Pau A. Monserrat, profesor asociado de economía financiera en la Universidad de las Islas Baleares (UIB) e impulsor de enfintech.com, apuesta por "intereses algo más elevados que los actuales y seguros más caros en el corto plazo", y descarta que el encarecimiento, de producirse, sea vía comisión de apertura, muy cuestionada por la Justicia. "Veo poco probable que aumenten las comisiones de apertura de las hipotecas, ya que los jueces las están tumbando en los tribunales por abusivas".

"De mi experiencia hipotecaria, puedo afirmar que si una de las entidades de referencia en hipotecas competitivas a tipo variable no encarece tipos, basta una, los demás bancos verán caer de forma sustancial la contratación hipotecaria de sus clientes, si encarecen las hipotecas. Me temo que el encarecimiento vendrá más de los sobrecostes 'ocultos', tipo seguros y comisiones de productos vinculados, que del interés. En todo caso, el cliente debe aprovechar su poder de negociación para buscar el banco que preste su dinero en las mejores condiciones posibles y no firmar el primer contrato hipotecario que caiga en sus manos".

En cualquier caso, el impacto del tributo es reducido, el ruido generado se debía a que la posibilidad abierta de retroactividad con la primera sentencia del Supremo había creado una amenaza de miles de millones sobre la banca o sobre las haciendas autonómicas. El impuesto es autonómico y oscila entre el 0,75% y el 1,5%, con costes que oscilan entre los 1.500 y los 2.500 euros. Estas cifras, comparadas con hipotecas con vida media de entre 15 y 20 años, supone “apenas unos puntos básicos” sobre la rentabilidad del producto para el banco, explican desde una entidad.

Competencia en la banca

En opinión de Monserrat, "si finalmente hay un cambio legislativo que deje claro que el sujeto pasivo del impuesto de AJD es el prestamista, estaremos ante una magnífica oportunidad de calibrar hasta qué punto han mejorado la competencia y transparencia del mercado hipotecario. Según sean las condiciones de los préstamos hipotecarios hoy y lo que se alteren tras el cambio legislativo, veremos hasta qué punto los bancos pueden seguir 'mandando' en el mercado".

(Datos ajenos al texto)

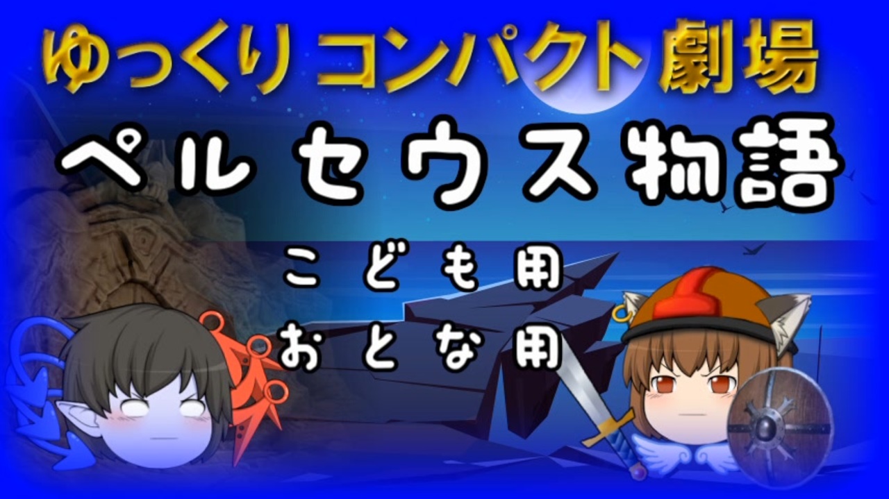 「ゆっくり文庫リスペクト」第十二弾。<br><br>今回はギリシャ神話の英雄「ペルセウス」が題材です。<br>ほぼ1年ぶりの「こども用」と「おとな用」。<br>ギリシャ神話の英雄って結構悲劇な事が多いですが、彼は比較的マシ。<br><br>こども用はとてもマイルドな翻案をしています。<br>お父さんお母さんも、安心してお子様に見せてあげてください。<br><br>おとな用は、本家物語を懐かしい雰囲気で作りあげております。<br>ノスタルジックな雰囲気のもとギリシャの英雄譚をお楽しみください。<br><br>・こども用 <a href="#" class="seekTime" data-seekTime="0:20" onclick="seekNicoPlayer('#0:20'); return false;">#0:20</a><br>・おとな用 <a href="#" class="seekTime" data-seekTime="5:15" onclick="seekNicoPlayer('#5:15'); return false;">#5:15</a><br><br>前⇒<a href="https://www.nicovideo.jp/watch/sm40417169" class="watch">sm40417169</a><br><br>次⇒<a href="https://www.nicovideo.jp/watch/sm41239888" class="watch">sm41239888</a><br><br><br />うp主のクリ奨扱いの番組(ギフト)<br>●動画投稿講座(海兵隊式)<br><a href="https://www.nicovideo.jp/watch/sm41183459" class="watch">sm41183459</a><br><br>●ほしいものリスト(同じものでも全然嬉しい)<br><a href="https://www.amazon.co.jp/hz/wishlist/ls/20X2QKDPSW451?ref_=wl_share" target="_blank" rel="noopener nofollow">https://www.amazon.co.jp/hz/wishlist/ls/20X2QKDPSW451?ref_=wl_share</a><br>●匿名で送る方法<br><a href="https://appllio.com/amazon-wish-list" target="_blank" rel="noopener nofollow">https://appllio.com/amazon-wish-list</a><br><br>うp主の動画<br>ゆっくりのワイドショー⇒<a href="https://www.nicovideo.jp/mylist/45200880" target="_blank" rel="noopener">mylist/45200880</a><br>ゆっくりコンパクト劇場⇒<a href="https://www.nicovideo.jp/mylist/67330756" target="_blank" rel="noopener">mylist/67330756</a><br>ゆっくりロードショー⇒<a href="https://www.nicovideo.jp/mylist/51596849" target="_blank" rel="noopener">mylist/51596849</a><br>おもちゃ箱⇒<a href="https://www.nicovideo.jp/series/265908" target="_blank" rel="noopener">series/265908</a><br>ようつべセブンのチャンネル<br><a href="http://www.youtube.com/c/sevenyoutube" target="_blank" rel="noopener nofollow">http://www.youtube.com/c/sevenyoutube</a><br><br>ニコニコ大百科 ゆっくりのワイドショー<br><a href="https://dic.nicovideo.jp/id/5337230" target="_blank" rel="noopener nofollow">https://dic.nicovideo.jp/id/5337230</a><br><br>ニコニコ大百科 ゆっくり文庫リスペクト<br><a href="https://dic.nicovideo.jp/id/5701480" target="_blank" rel="noopener nofollow">https://dic.nicovideo.jp/id/5701480</a>
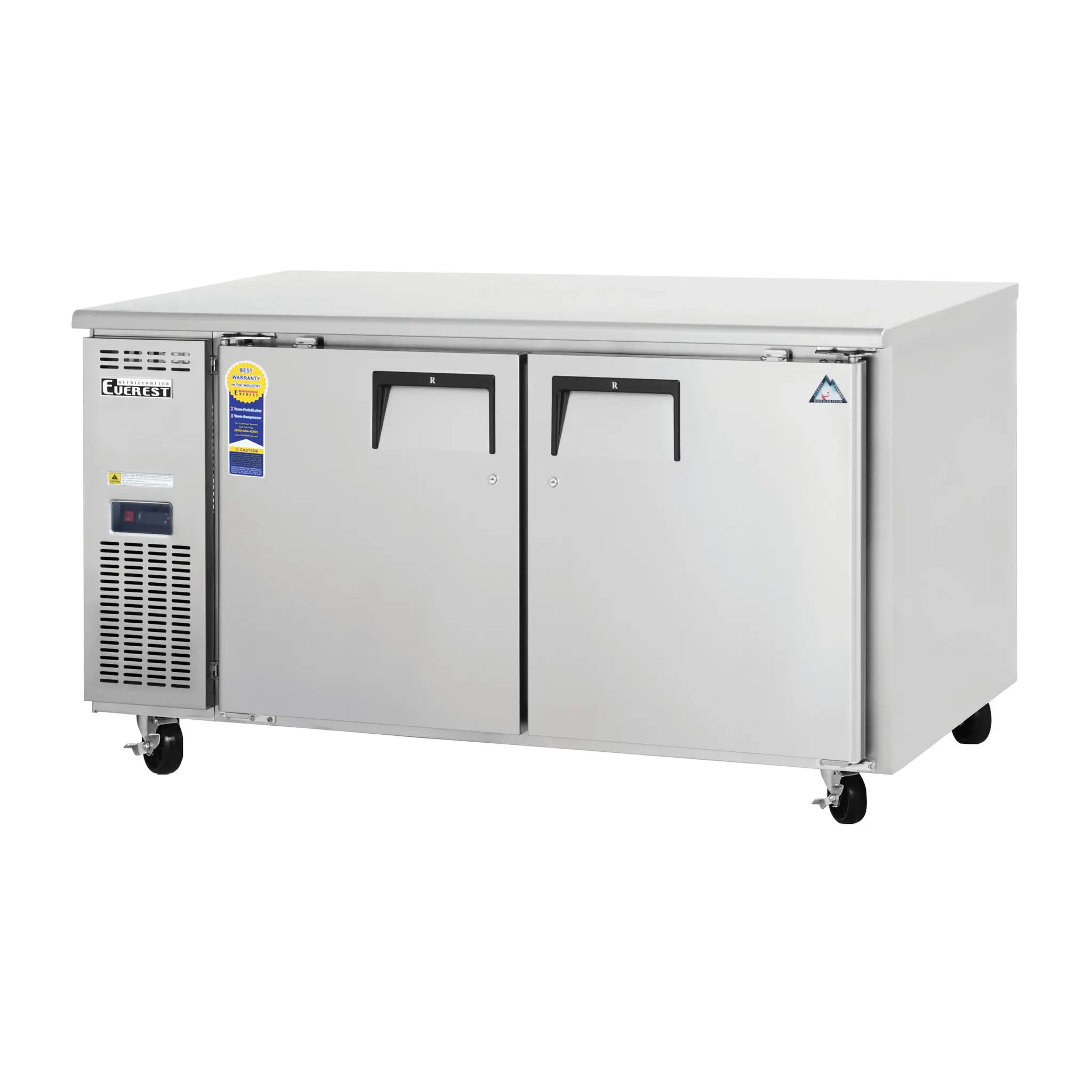 Elevate your dining experience with the Everest Refrigeration ETWF2 Freezer. This undercounter/worktop freezer is designed to meet the demands of a commercial restaurant setting. With a spacious 18.0 cu. ft. capacity, it provides ample storage space for your frozen ingredients and prepared dishes. The two-section design and solid hinged self-closing doors make it easy to organize and access your items. The 16 gauge stainless steel worktop is not only durable but also provides a convenient workspace for food preparation. The digital controls with LED display allow you to easily adjust the temperature, which ranges from -10F to 54F, ensuring optimal food preservation. The auto defrost feature saves you time and effort, while the LED interior lighting illuminates the contents for easy visibility. Made with high-quality materials like stainless steel and galvanized steel, this freezer is built to last. Trust Everest Refrigeration to deliver reliable and efficient refrigeration solutions for your restaurant.
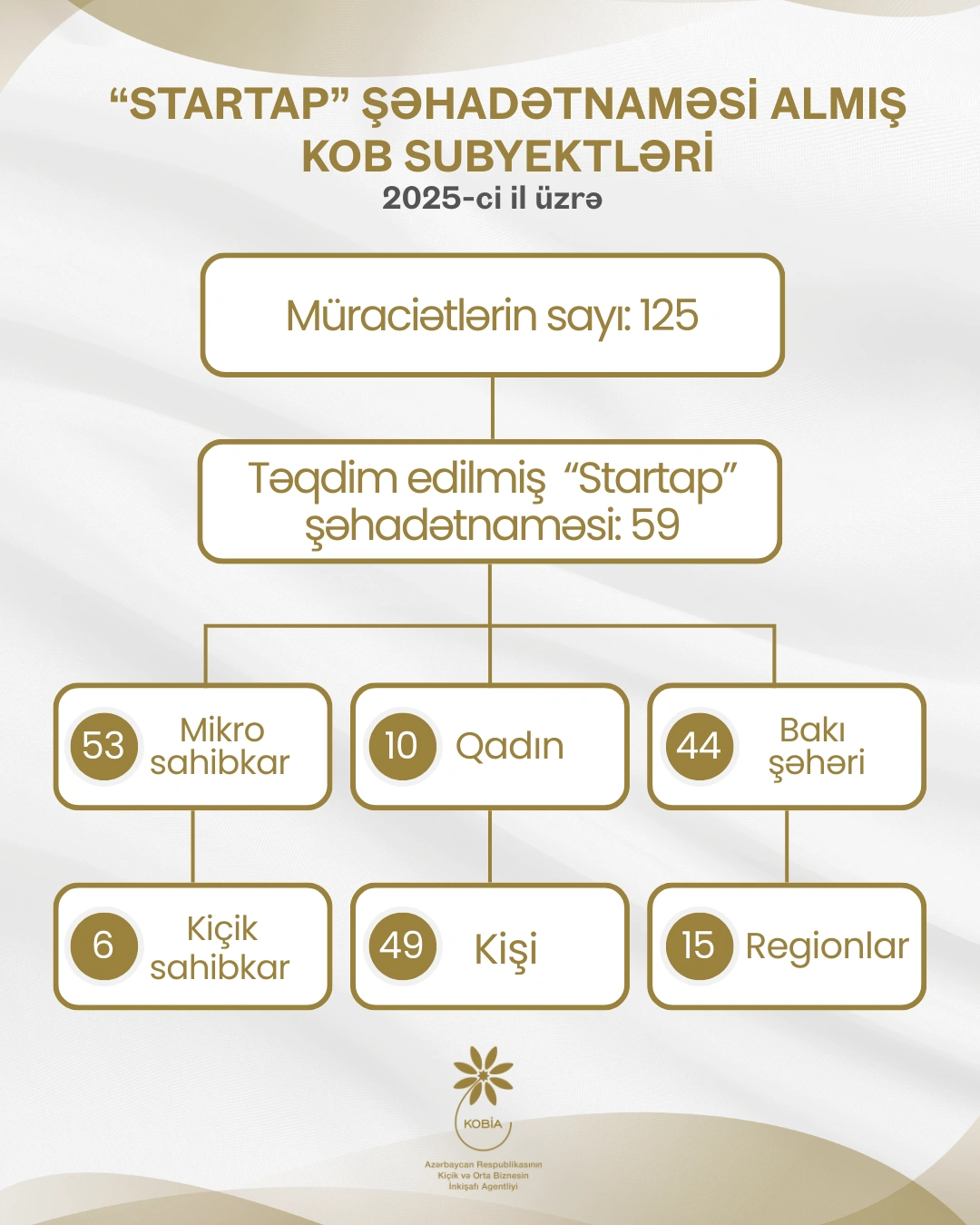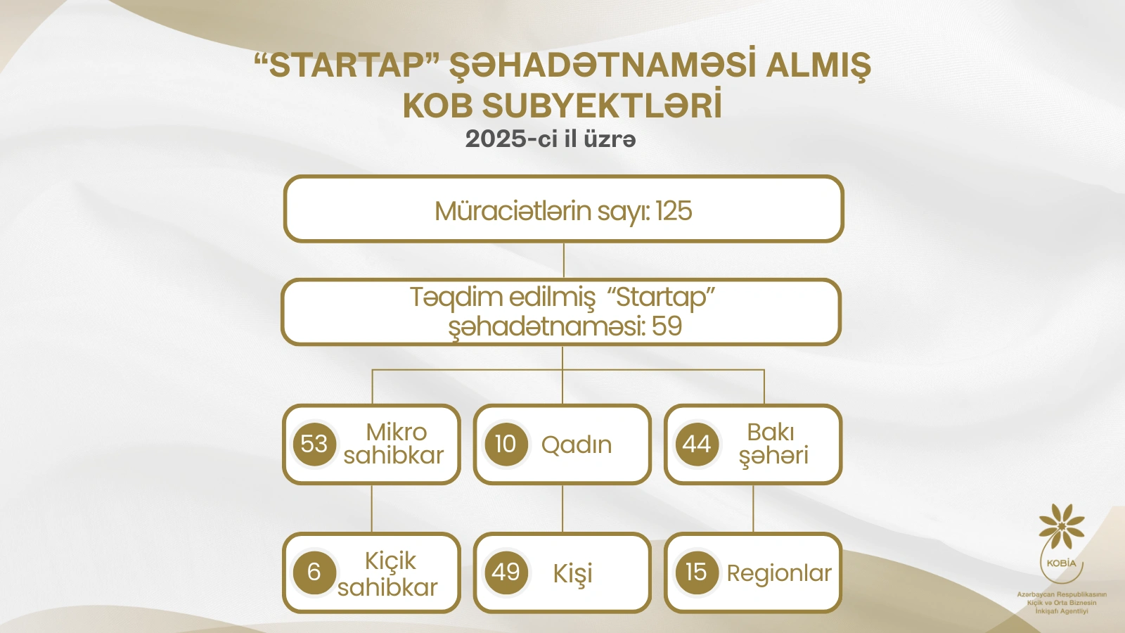 2025-ci ildə 125 mikro və kiçik sahibkarlıq subyekti “Startap” şəhadətnaməsi almaq üçün Kiçik və Orta Biznesin İnkişafı Agentliyinə (KOBİA) müraciət edib.
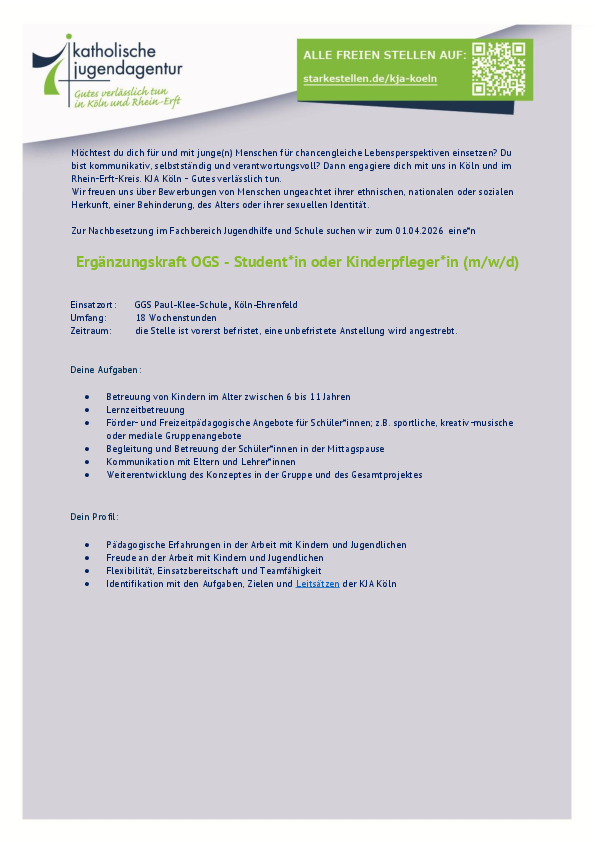 Möchtest du dich für und mit junge(n) Menschen für chancengleiche Lebensperspektiven einsetzen? Du bist kommunikativ, selbstständig und verantwortungsvoll? Dann engagiere dich mit uns in Köln und im Rhein-Erft-Kreis. KJA Köln - Gutes verlässlich tun.
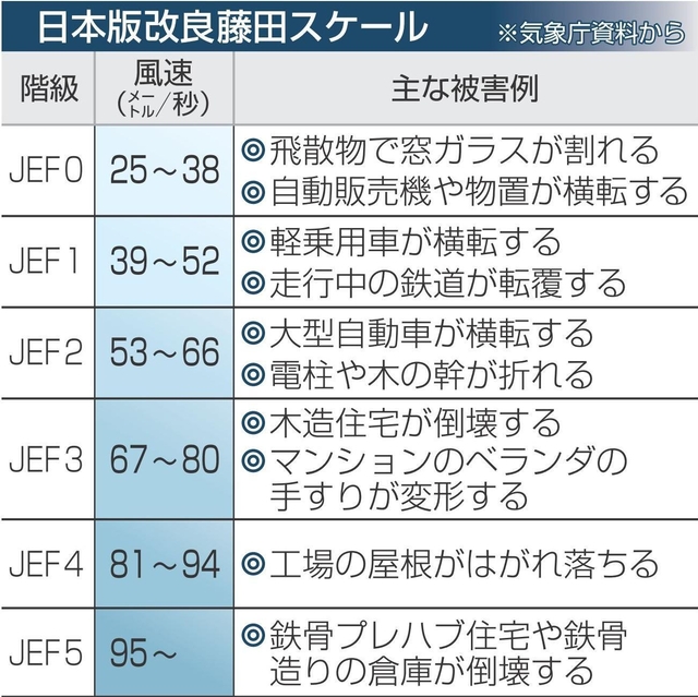 この竜巻は、強さを分類する「日本版改良藤田スケール」で6段階のうち上から3番目の「JEF3」に該当。気象庁が同スケールを導入した2016年以降で最強クラスとなった。
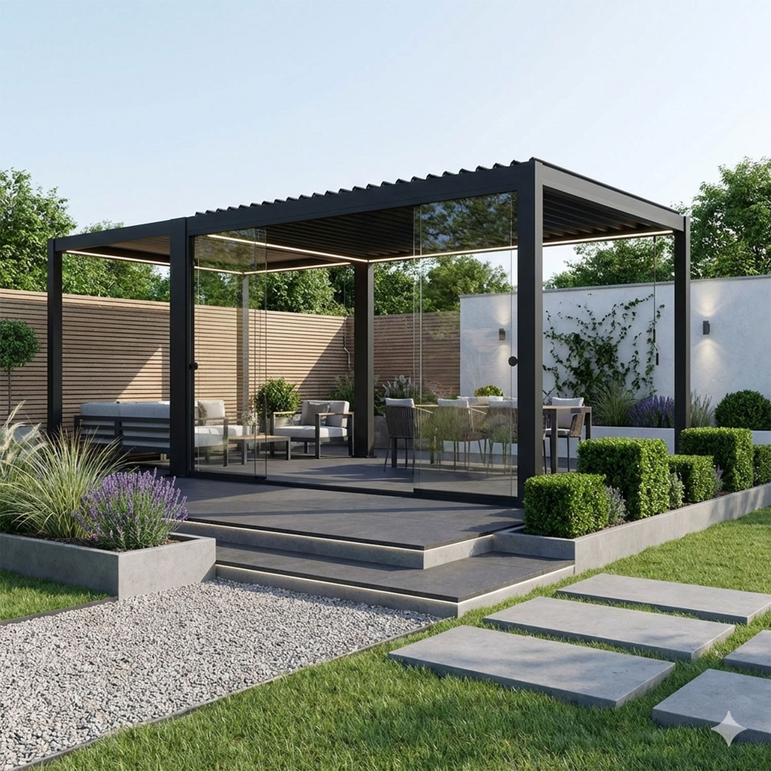 Klaasist lükandsein varikatuse MIRADOR-111 4-meetrisele küljele.
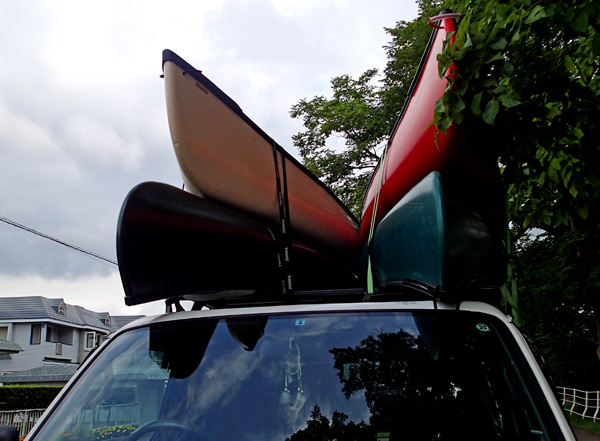 オリーブ・サンド・レッド・グリーンと色とりどりのカヌーを積んで
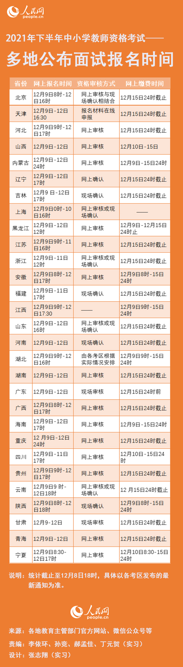 多地公布2021年下半年中小学教师资格考试面试报名时间
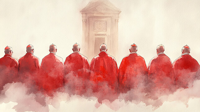 catholic conclave with red robed clergy in ceremonial hall, cardinals in formal religious assembly, abstract painting of papal election in grand cathedral architecture

Y añade: "Si el cliente ha adquirido la educación financiera mínima para saber comparar y evitar costes ocultos, como los seguros más caros que se asocian a las hipotecas, los bancos no podrán repercutir todo el coste del impuesto. Si trasladan el coste íntegro a los intereses, deberemos lamentar que nada hemos aprendido".

La dinámica sobre quién pagará la factura es similar al ruido que generó la llegada de Pedro Sánchez a La Moncloa con la amenaza del impuesto a la banca. Las entidades aseguraron que encarecería el crédito, pero el contexto actual de elevada competencia limita su capacidad para fijar precios. El propio presidente de la Asociación Española de Banca (AEB) reconoció que la repercusión de un impuesto entre vendedor y comprador depende de la elasticidad de oferta y demanda. En otras palabras, de la sensibilidad que tengan a un cambio en los precios.

En este sentido, el Banco de España lleva varios trimestres describiendo un entorno de fuerte competencia en el mercado hipotecario que suaviza las condiciones y los requisitos, aunque esta evolución favorable para el cliente se frenó entre julio y septiembre. Tras años de ajustes, la banca protagonizó entre el año pasado y la primera mitad de 2018 una ofensiva para elevar su base de clientes con ofertas hipotecarias, vinculando consumidores a los que también vende fondos, planes de pensiones y seguros, productos más rentables con los tipos al 0%. Así, para saber quién paga el impuesto, habrá que ver quién necesita más que se constituya una hipoteca, si el banco para incrementar su negocio o el cliente para adquirir una vivienda.